→ WHAT TO DO: Could you output the whole listing exactly as it stands, minus any images?

→ PROVIDED MATERIAL:
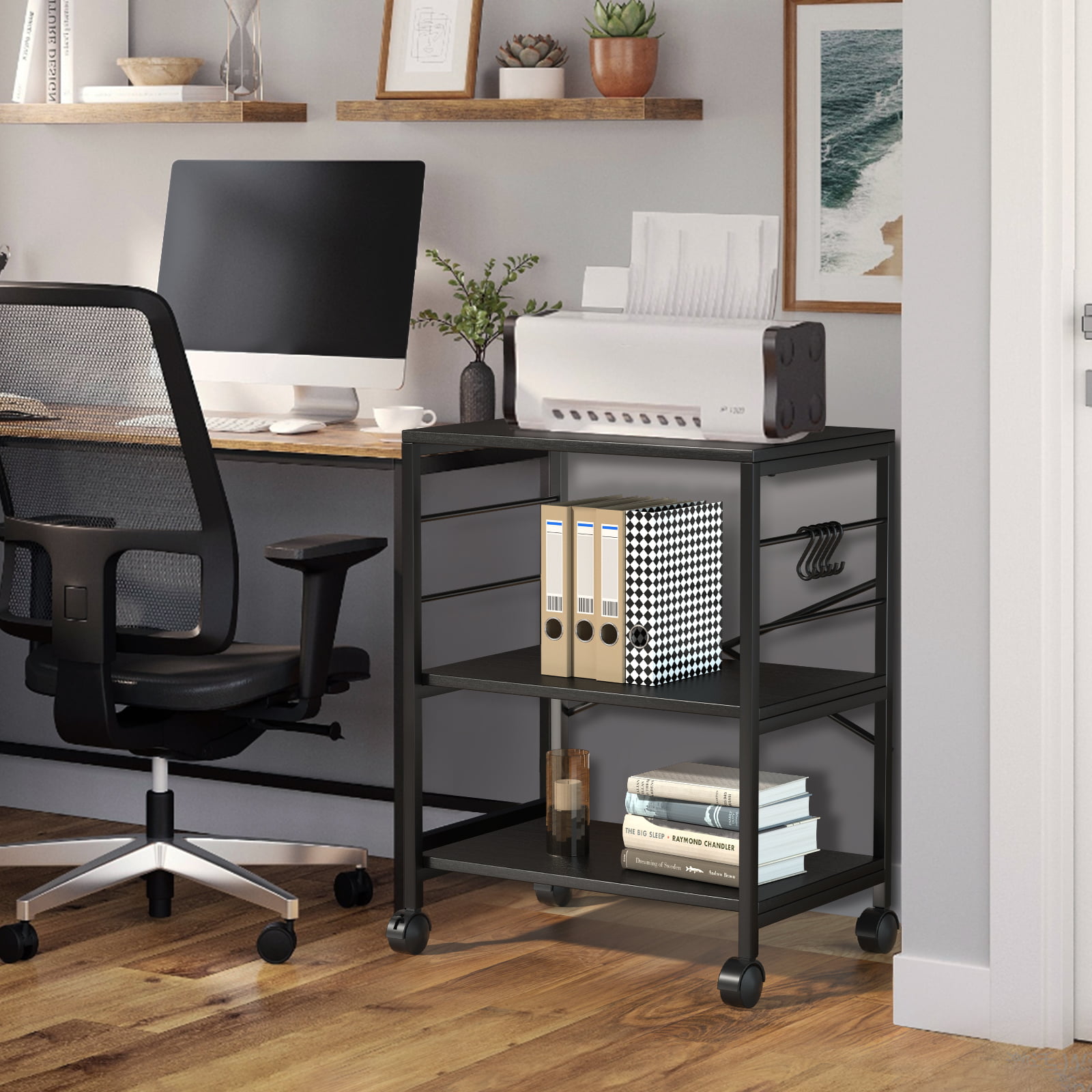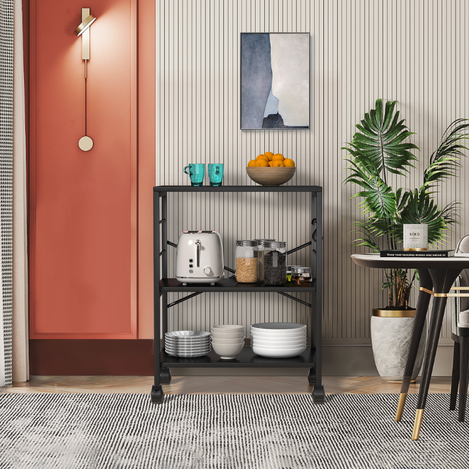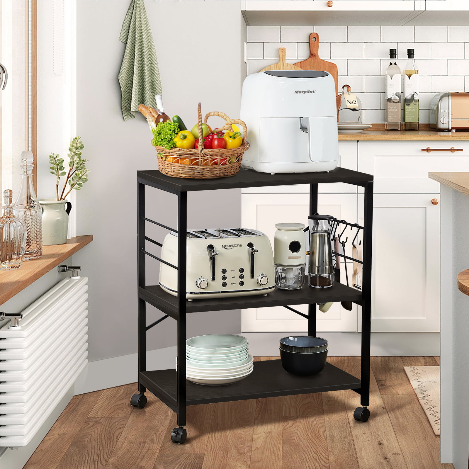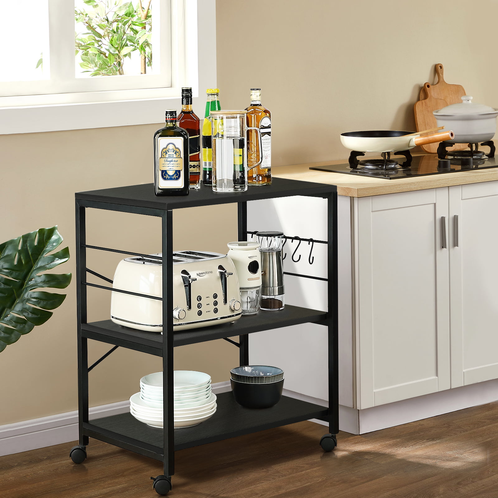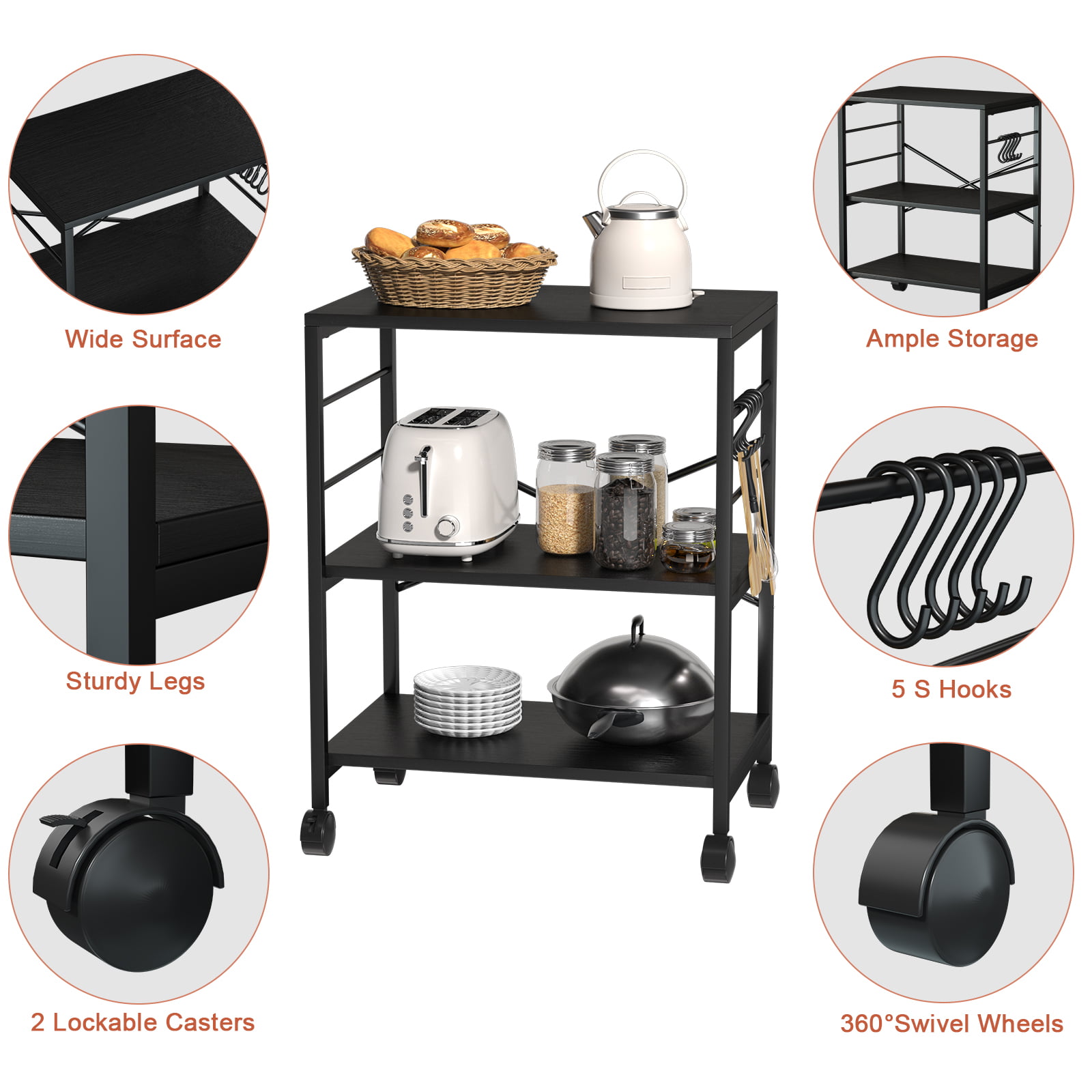 Cheflaud Kitchen Microwave Cart. 3-Tier Kitchen Utility Cart Vintage Rolling Bakers Rack with 5 Hooks for Living Room Decoration
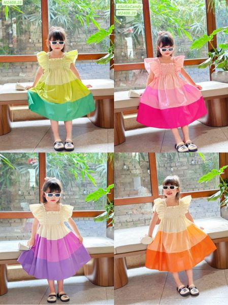 V00046 - Váy Mia Kids tiểu thư smock phối sắc màu BG size 1-10y
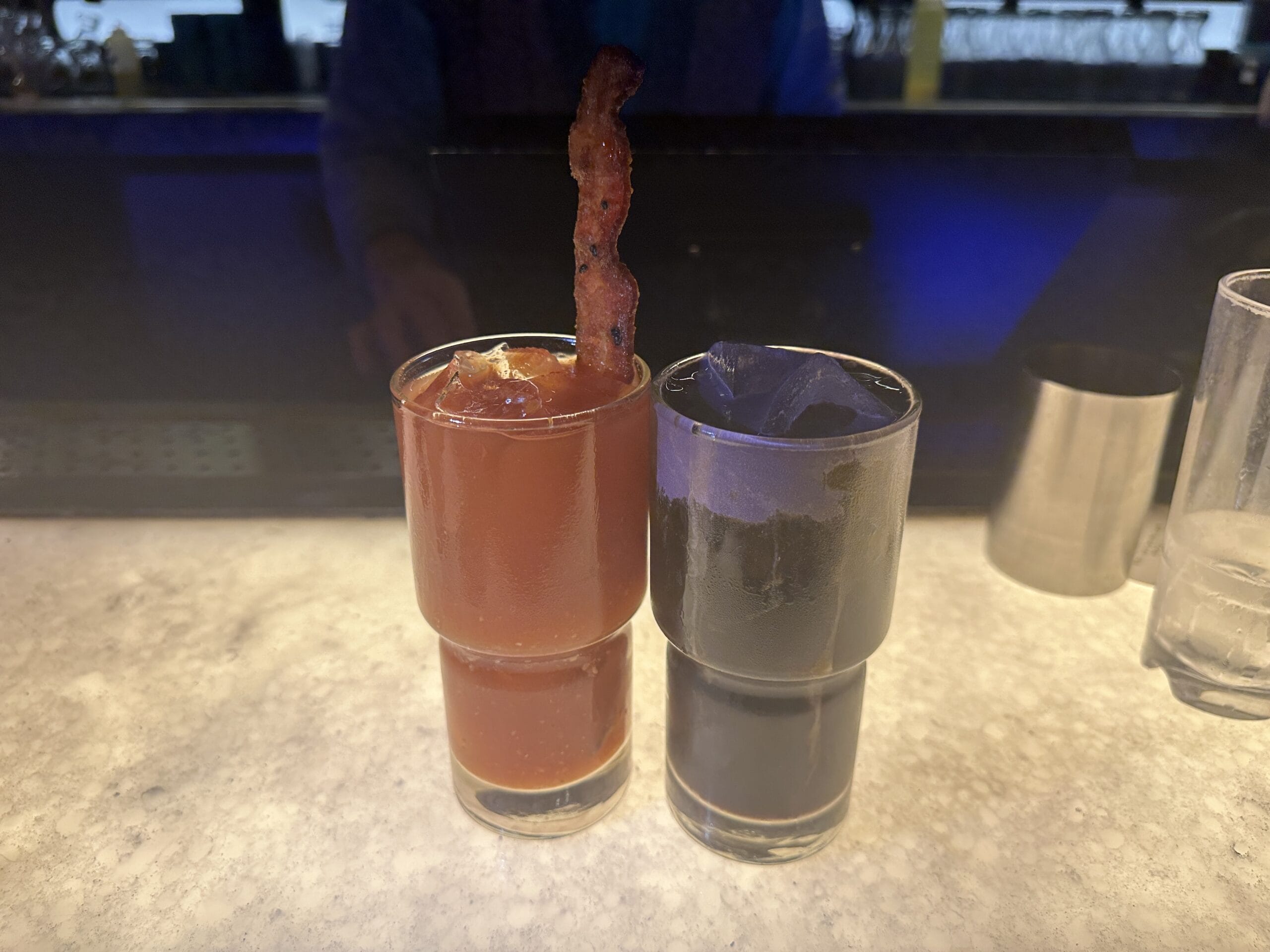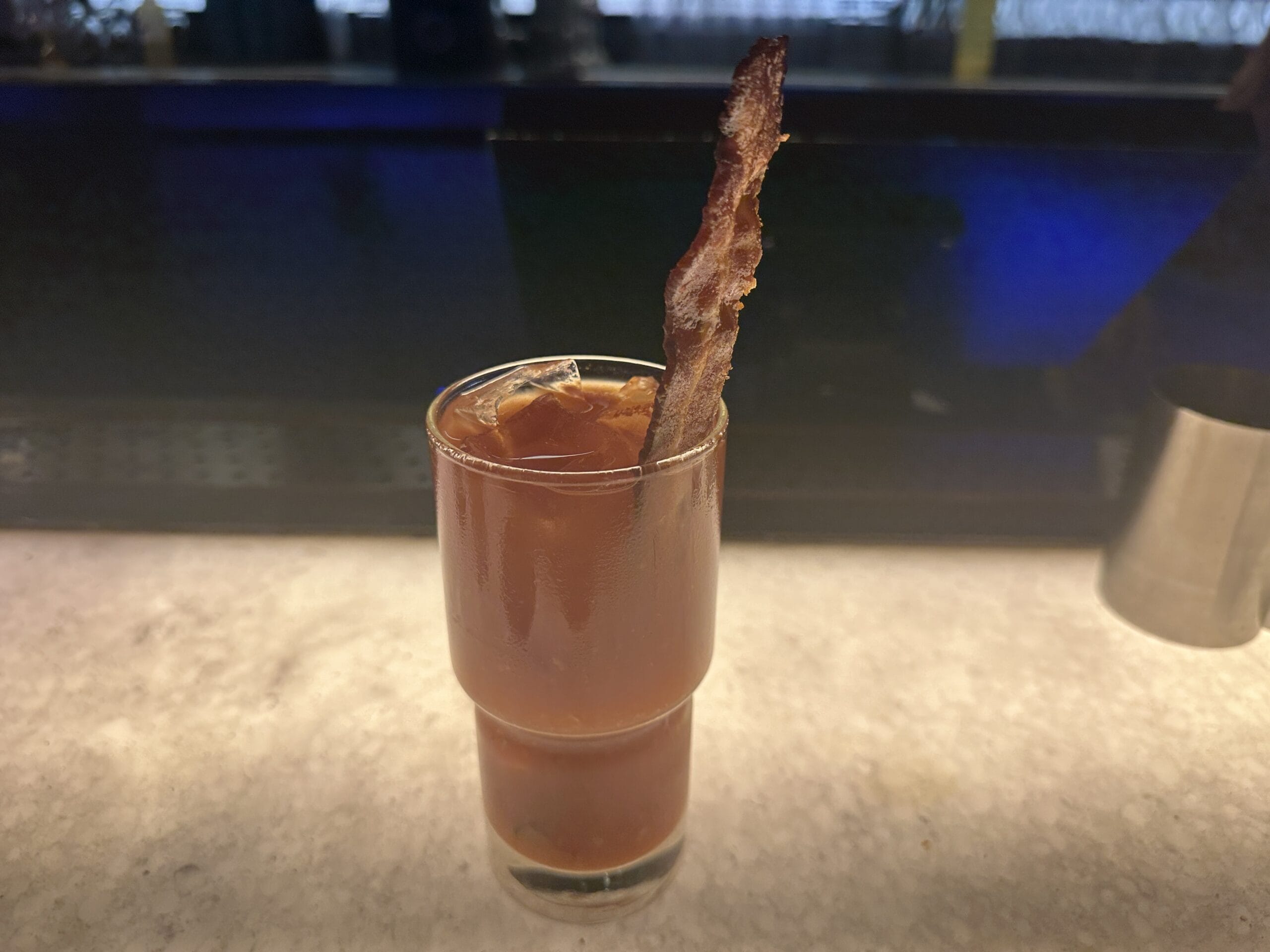 This is essentially a Bloody Mary with a piece of candied bacon. The Bloody Mary mix is advertised as house-made, which we believe. It tasted fresh and high-quality — not like it was out of a can. The candied bacon was tasty and the highlight of the drink. If you like Bloody Marys, you’ll probably like this.

→ EXERCISE RESPONSE:
 Cheflaud Kitchen Microwave Cart. 3-Tier Kitchen Utility Cart Vintage Rolling Bakers Rack with 5 Hooks for Living Room Decoration
 V00046 - Váy Mia Kids tiểu thư smock phối sắc màu BG size 1-10y
 This is essentially a Bloody Mary with a piece of candied bacon. The Bloody Mary mix is advertised as house-made, which we believe. It tasted fresh and high-quality — not like it was out of a can. The candied bacon was tasty and the highlight of the drink. If you like Bloody Marys, you’ll probably like this.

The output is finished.